Art Histories
2014/ 2015

Yoonjung Seo

The Sacred Past and the Celebrated Present: Chinese Figural Subjects in the Commemorative Court Painting of the Chosŏn Dynasty in Korea

The Banquet of Xiwangmu, the Queen Mother of the West, at the Turquoise Pond, eight-panel folding screen, ink, color, and gold on silk, 120.3 × 407.0 cm, Los Angeles County Museum of Art.
The Banquet of Xiwangmu, the Queen Mother of the West, at the Turquoise Pond, eight-panel folding screen, ink, color, and gold on silk, 120.3 × 407.0 cm, Los Angeles County Museum of Art.

Yoonjung Seo is an art historian specializing in Korean art. She received her PhD recently in Art History from the University of California, Los Angeles. Her dissertation examines the ways in which meaning is constructed, modified, and reinstated both in textual and visual forms, and what may happen when themes from a literary text are adapted to painting and/or move across time and cultures.

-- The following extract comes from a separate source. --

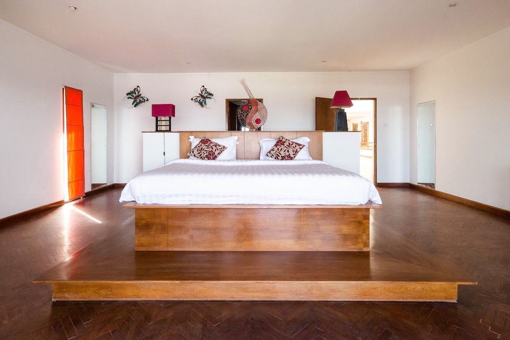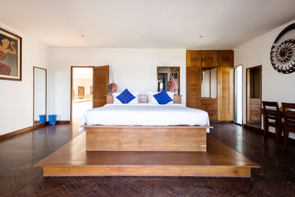 This villa could be a 5 star resort if the property maintenance was a priority. The building is starting to show its age. The villa is beautiful with a lap pool looking out onto the Bali Sea. It is located in Ketewel and renting a car is a necessity. There are no restaurants or stores within walking distance. The staff are very helpful and can communicate in basic English. Breakfast is served from 7 to 8am with a limited menu, however it is good. We stayed for three nights and were the only customers there. There are a lot of villas in this area and all seemed empty. Most people seen were fishermen talking their boats out in the morning for a few hours. The staff moved us to another room after the first night because the air conditioning was not working in the first room. The property is difficult to find, especially at night since there are very limited street signs. We arrived at midnight and the staff were waiting for us, as someone is there 24 hours per day.

This inquiry further opens onto key cultural issues such as how Chinese antiquity has been appropriated by posterity in East Asia for self-fashioning and the celebration of contemporary events. She has worked as a teaching fellow at Seoul National University and at UCLA while pursing her MA and PhD degrees. During her research in Korea, she participated in three important exhibitions of Chosŏn court art. In 2012 she made contributions to an exhibition project of 17th-century Chinese painting at the Santa Barbara Museum of Art in California. During her Art Histories and Aesthetic Practices fellowship, she will focus on the role of women as agent of art, the socio-political significance of commemorative painting in the Chosŏn dynasty, and the circulation of knowledge through visual-textual sources in East Asian culture.

The Sacred Past and the Celebrated Present: Chinese Figural Subjects in the Commemorative Court Painting of the Chosŏn dynasty in Korea

Yoonjung Seo intends to rework and expand her dissertation into a book manuscript and conduct a research project that results in a publishable journal article. The book delves into the complexity of transculturalism as embodied in Chosŏn court art during the eighteenth and nineteenth centuries, and discusses how Chinese historical figures and China’s cultural legacy were represented to satisfy the socio-political demands and local artistic conventions of Korea. The research project explores the significance of commemorative court paintings, the text-image relations, and the role of gender in production and consumption of art in eighteenth-Chosŏn society. Having identified the ink-rubbing version of drawings and illustrations of vernacular novels imported from China into Korea as possible sources of certain pictorial representations appearing in the Chosŏn screens, she investigates the origin, evolution, dissemination, and modification of a specific theme in terms of style, iconography, symbolic meaning, and socio-political connotation.